Había columnas de piedra desmoronadas, con runas hace mucho desvanecidas, y musgo creciendo a través de grietas demasiado obstinadas para soltar. Y aun sin la confirmación de Thorne, sabía qué era este lugar.
—Este es el último lugar que el rey Hueco pisó justo antes de que su esencia fuera sellada —dijo Thorne solemnemente, volviéndose para mirarnos.
—Y ahora, Damien espera al otro lado, listo para deshacer el sello por completo —dijo Kylie, y por alguna razón, sus palabras hicieron que las paredes de mi pecho se tensaran.
—Bueno, por eso estamos aquí. Para detenerlo —dijo Jason, ajustando la gran bolsa que llevaba. No le había preguntado qué llevaba ahí, pero supuse que probablemente no era el momento de preguntarle.

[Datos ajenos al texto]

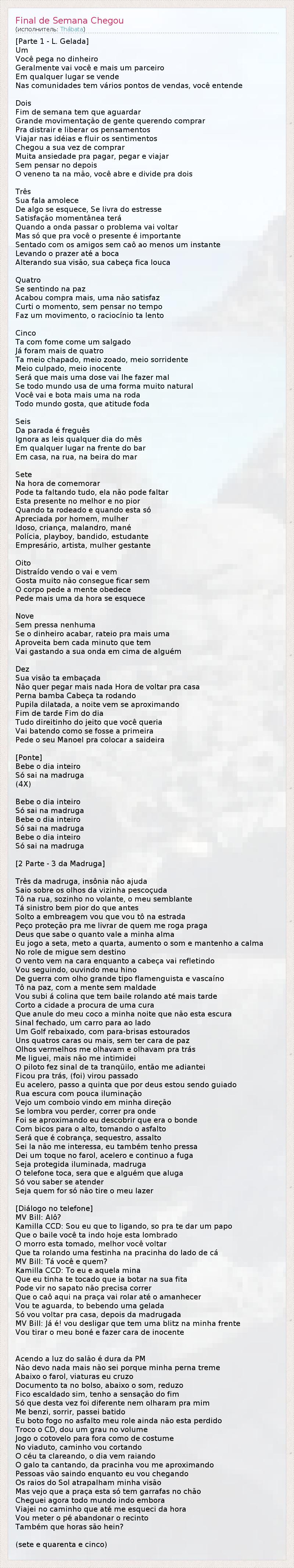 [Parte 1 - L. Gelada] Um Você pega no dinheiro Geralmente vai você e mais um parceiro Em qualquer lugar se vende Nas comunidades tem vários pontos de vendas, você entende Dois Fim de semana tem que aguardar Grande movimentação de gente querendo comprar Pra distrair e liberar os pensamentos Viajar nas idéias e fluir os sentimentos Chegou a sua vez de comprar Muita ansiedade pra pagar, pegar e viajar Sem pensar no depois O veneno ta na mão, você abre e divide pra dois Três Sua fala amolece De algo se esquece, Se livra do estresse Satisfação momentânea terá Quando a onda passar o problema vai voltar Mas só que pra você o presente é importante Sentado com os amigos sem caô ao menos um instante Levando o prazer até a boca Alterando sua visão, sua cabeça fica louca Quatro Se sentindo na paz Acabou compra mais, uma não satisfaz Curti o momento, sem pensar no tempo Faz um movimento, o raciocínio ta lento Cinco Ta com fome come um salgado Já foram mais de quatro Ta meio chapado, meio zoado, meio sorridente Meio culpado, meio inocente Será que mais uma dose vai lhe fazer mal Se todo mundo usa de uma forma muito natural Você vai e bota mais uma na roda Todo mundo gosta, que atitude foda Seis Da parada é freguês Ignora as leis qualquer dia do mês Em qualquer lugar na frente do bar Em casa, na rua, na beira do mar Sete Na hora de comemorar Pode ta faltando tudo, ela não pode faltar Esta presente no melhor e no pior Quando ta rodeado e quando esta só Apreciada por homem, mulher Idoso, criança, malandro, mané Polícia, playboy, bandido, estudante Empresário, artista, mulher gestante Oito Distraído vendo o vai e vem Gosta muito não consegue ficar sem O corpo pede a mente obedece Pede mais uma da hora se esquece Nove Sem pressa nenhuma Se o dinheiro acabar, rateio pra mais uma Aproveita bem cada minuto que tem Vai gastando a sua onda em cima de alguém Dez Sua visão ta embaçada Não quer pegar mais nada Hora de voltar pra casa Perna bamba Cabeça ta rodando Pupila dilatada, a noite vem se aproximando Fim de tarde Fim do dia Tudo direitinho do jeito que você queria Vai batendo como se fosse a primeira Pede o seu Manoel pra colocar a saideira [Ponte] Bebe o dia inteiro Só sai na madruga (4X) Bebe o dia inteiro Só sai na madruga Bebe o dia inteiro Só sai na madruga Bebe o dia inteiro Só sai na madruga [2 Parte - 3 da Madruga] Três da madruga, insônia não ajuda Saio sobre os olhos da vizinha pescoçuda Tô na rua, sozinho no volante, o meu semblante Tá sinistro bem pior do que antes Solto a embreagem vou que vou tô na estrada Peço proteção pra me livrar de quem me roga praga Deus que sabe o quanto vale a minha alma Eu jogo a seta, meto a quarta, aumento o som e mantenho a calma No role de migue sem destino O vento vem na cara enquanto a cabeça vai refletindo Vou seguindo, ouvindo meu hino De guerra com olho grande tipo flamenguista e vascaíno Tô na paz, com a mente sem maldade Vou subi á colina que tem baile rolando até mais tarde Corto a cidade a procura de uma cura Que anule do meu coco a minha noite que não esta escura Sinal fechado, um carro para ao lado Um Golf rebaixado, com para-brisas estourados Uns quatros caras ou mais, sem ter cara de paz Olhos vermelhos me olhavam e olhavam pra trás Me liguei, mais não me intimidei O piloto fez sinal de ta tranqüilo, então me adiantei Ficou pra trás, (foi) virou passado Eu acelero, passo a quinta que por deus estou sendo guiado Rua escura com pouca iluminação Vejo um comboio vindo em minha direção Se lombra vou perder, correr pra onde Foi se aproximando eu descobrir que era o bonde Com bicos para o alto, tomando o asfalto Será que é cobrança, sequestro, assalto Sei la não me interessa, eu também tenho pressa Dei um toque no farol, acelero e continuo a fuga Seja protegida iluminada, madruga O telefone toca, sera que e alguém que aluga Só vou saber se atender Seja quem for só não tire o meu lazer [Diálogo no telefone] MV Bill: Alô? Kamilla CCD: Sou eu que to ligando, so pra te dar um papo Que o baile você ta indo hoje esta lombrado O morro esta tomado, melhor você voltar Que ta rolando uma festinha na pracinha do lado de cá MV Bill: Tá você e quem? Kamilla CCD: To eu e aquela mina Que eu tinha te tocado que ia botar na sua fita Pode vir no sapato não precisa correr Que o caô aqui na praça vai rolar até o amanhecer Vou te aguarda, to bebendo uma gelada Só vou voltar pra casa, depois da madrugada MV Bill: Já é! vou desligar que tem uma blitz na minha frente Vou tirar o meu boné e fazer cara de inocente Acendo a luz do salão é dura da PM Não devo nada mais não sei porque minha perna treme Abaixo o farol, viaturas eu cruzo Documento ta no bolso, abaixo o som, reduzo Fico escaldado sim, tenho a sensação do fim Só que desta vez foi diferente nem olharam pra mim Me benzi, sorrir, passei batido Eu boto fogo no asfalto meu role ainda não esta perdido Troco o CD, dou um grau no volume Jogo o cotovelo para fora como de costume No viaduto, caminho vou cortando O céu ta clareando, o dia vem raiando O galo ta cantando, da pracinha vou me aproximando Pessoas vão saindo enquanto eu vou chegando Os raios do Sol atrapalham minha visão Mas vejo que a praça esta só tem garrafas no chão Cheguei agora todo mundo indo embora Viajei no caminho que até me esqueci da hora Vou meter o pé abandonar o recinto Também que horas são hein? (sete e quarenta e cinco)

Fuera lo que fuese, sentía que lo necesitaba, y yo confiaba en su juicio.
—Sí —repetí suavemente—. Estamos aquí para detenerlo.
Me volví hacia los guerreros detrás de nosotros—docenas de ellos, reunidos en grupos. No necesitaban órdenes. Ya sabían qué hacer. Formaron filas instintivamente.
Sus armaduras plateadas brillaban en la tenue luz matutina.
Los no cambiantes con sus armas desenvainadas, y algunos otros susurraban sus oraciones en silencio.
Vi a uno de los no cambiantes abrazando a su compañera como si fuera la última vez, y luego a otra, pronunciando palabras—oraciones, supuse—aferrándose a su collar, y besando su amuleto como si fuera una fuente de protección.
Tantos guerreros, tantas historias diferentes.
Y todos tenían algo—o alguien—a lo que querían volver.
Me sentí culpable de alguna manera, por arrastrarlos fuera de la comodidad de sus hogares.
Pero, de nuevo, estos eran tiempos oscuros. Y en tiempos oscuros, la comodidad no siempre significaba seguridad.
—¿Estás bien? —susurró Kylie a mi lado, sacándome de mi monólogo interno.
Suspiré y negué con la cabeza—. Para ser sincero, no. Esta vez no. Pero estoy listo —le dije con calma.
—Supongo que eso será suficiente por ahora —dijo y miró a Thorne.
Él acababa de sacar un cuerno de su bolsa y lo sopló tres veces. Arrastrando cada nota grave como un grito.
Luego dio un paso adelante y desenrolló un pergamino antiguo.
—Ahora comenzaré el ritual —nos dijo a Kylie y a mí—, cuando lo abra, tenemos que saltar directamente. No duden.
Asentí y me volví hacia Kylie—. Supongo que esto es todo —dijo, mirándome con tanto amor. Podía ver que tenía muchas cosas que decir, pero se contuvo.
Yo también me contuve de decir muchas cosas.
—Te veré al otro lado —dije finalmente y ella sonrió.
—No si te atrapo primero —dijo y se puso de puntillas para besarme—. Te amo, Elijah.
—Yo también te amo, Ky.
Cuando la solté, Jason se unió a nosotros y abrazó a Kylie.
—Ten cuidado —le dijo.
—Tú también —le respondió ella.
Justo entonces, el suelo comenzó a vibrar mientras Thorne iniciaba el hechizo para el ritual. Hubo un crujido en el aire, seguido de un destello de luz blanca.
Luego el portal comenzó a abrirse, vivo e inestable.
—¿Juntos? —gritó Jason y yo asentí.
—Juntos —respondí y di un paso directamente hacia el ojo de la tormenta.